The Cell Broadband Engine Processor
Originally developed for the gaming industry by IBM, Toshiba and Sony, the industry-leading Cell microprocessor technology is under development for use in medical, defense, and commercial applications, mainly because the Cell technology offers significant performance improvement compared to other available technologies. The Cell Broadband Engine (CBE) architecture is essentially a multi-computer-on-a-chip, representing the integration of multiple processor cores on a single die. The CBE consists of one IBM 64-bit Power Architecture core, called the power processing element (PPE), and eight specialized co-processors called synergistic processing elements (SPEs). The PPE can be considered as an implementation of a PowerPC processor with the traditional hardwired L1 and L2 caches. The SPEs are oriented toward parallel vector processing, using a novel single-instruction, multiple-data (SIMD) operating architecture.
The SPEs do not possess traditional cache hardware. Instead, multiple levels of memory hierarchy must be explicitly managed by software. All nine cores in the CBE are interconnected by a coherent on-chip element interconnect bus (EIB). The EIB also connects to the memory controller, the I/O interface and the coherence interface. The memory controller and the I/O interfaces give all processing elements access to main memory and I/O space while the coherence interface allows for building multiprocessor systems in symmetric multiprocessor mode. The Cell architecture enables all kinds of distributed applications to run on the processing units, using elaborate data-transfer techniques to design any combination of parallel/pipelined approaches. Therefore, all applications that have the ability to subdivide the main tasks can be subdivided into a finite number of subtasks, and take advantage of the immense processing power implemented in the Cell processing elements while keeping the data-transfer latency very low. Clocked at 3.2 GHz, the Cell processor offers a peak performance of 204.8 GFLOPS from the set of eight SPEs running, and a memory bandwidth of 25 Gbytes/s which is significantly higher than any off-the-shelf solution. The EIB is capable of peak data rates of ~200 Gbytes/s. This ground-breaking level of extreme performance, coupled with the vector processing capabilities of the SPEs, make the CBE capable of delivering dramatic new capabilities to embedded applications that rely upon computationally intense processes such as Fast Fourier Transforms (FFTs), matrix operations or backprojection algorithms.
The Cell Processor:
Challenging Software Development
The challenge of the CBE lies in the complexity of its design. Without software tools, this complexity puts a substantial burden on any programmer. To be suitable for broad use in embedded applications, the CBE needs a layer of software to help programmers distribute processing among multiple cores, as well as manage use of the multiple levels of memory. Mercury Computer Systems developed the MultiCore Framework (MCF), which provides an abstract view of CBE operations, oriented toward computation of multidimensional data sets. With MCF, the programmer has explicit control over how data and processing is divided among processor cores and memory elements while being insulated from specific hardware details. The key innovation in MCF is something called the data-distribution object, which is a way of describing an n-dimensional matrix data set in such a way that it can be processed in small chunks, or tiles, by one or more workers. For each data set, the manager program specifies a set of parameters for each distribution object, such as number of dimensions, size of dimensions, tile size, packing order and data types.

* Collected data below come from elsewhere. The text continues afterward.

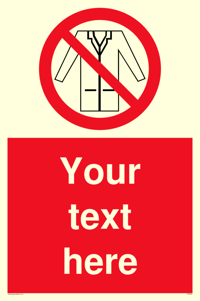 This sign contains a no lab coats symbol, lab coat outline with red prohibition circle with diagonal line crossed through.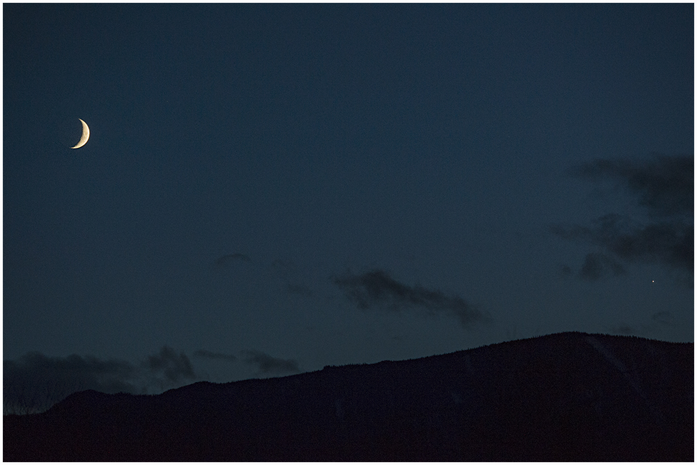 It’s tough to believe in anything I hear during lunch or on the phone. Venus appeared on the ridge tonight after a few days of cloud. A waxing crescent moon to the left and above. I had to think about it, but they were right on time and in position.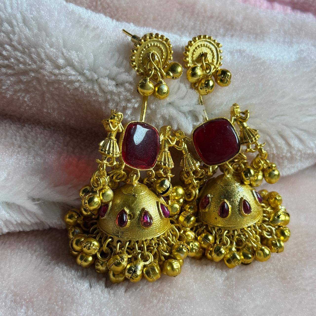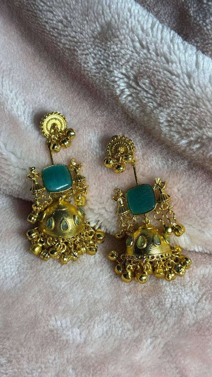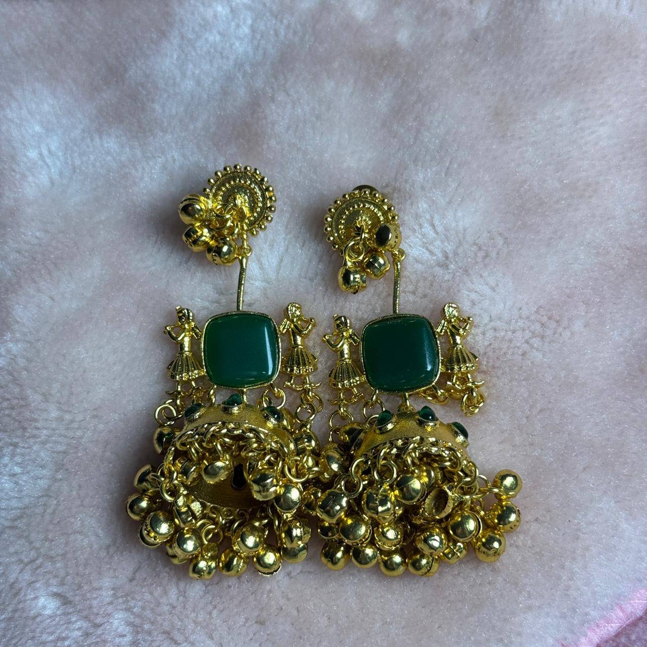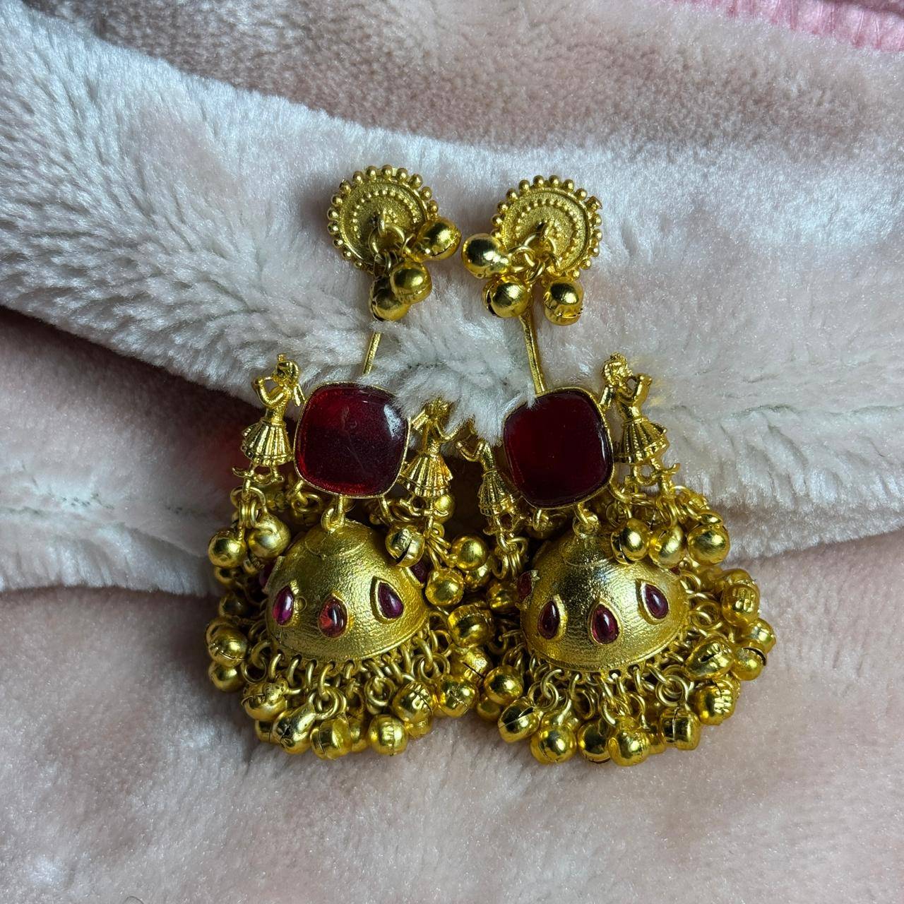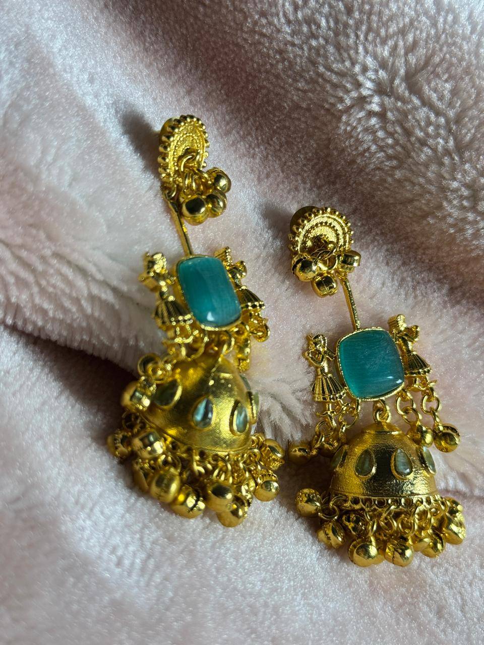 Heritage Temple-Inspired Design – Intricately crafted jhumka earrings featuring traditional Indian dancer motifs, inspired by classical artistry and timeless craftsmanship.

The manager program also specifies how data is partitioned across the worker programs and the level of multibuffering the MCF must implement to accommodate the processing latency of the application. In order to move tiles between the different stages in the processing pipeline, MCF implements the data movement through tile channels (Figure 1). This abstract object enables the user application to transfer tiles from one stage to the next, according to the partitioning policy and the defined level of multibuffering. In the simplest case, a manager defines two distribution objects, one for input data and one for results, and two corresponding input and output tile channels. Worker programs typically are very simple, consisting of a loop that reads input tiles, computes output data, and injects output tiles. MCF overlaps memory access with computation for maximum performance. Further, since MCF separates data organization from computation, problem size and resource allocation can be altered without changing worker programs. Medical image reconstruction, such as that found in CT, tomosynthesis, PET and SPECT, is computationally demanding. The Cell processor technology offers the advantages of a cost-effective, high-performance platform for medical reconstruction and imaging. Mercury is working with the Institute of Medical Physics (IMP) of Erlangen, Germany, to design and implement ambitious reconstruction and visualization algorithms with real-time performance on the CBE to deliver orders-of-magnitude performance increases while also reducing the complexity and costs of medical image processing systems. As an example of the joint work, Mercury and the IMP have developed a Cell BE processor-based solution capable of performing modern CT reconstruction more than 100 times faster than conventional microprocessors (Figure 2).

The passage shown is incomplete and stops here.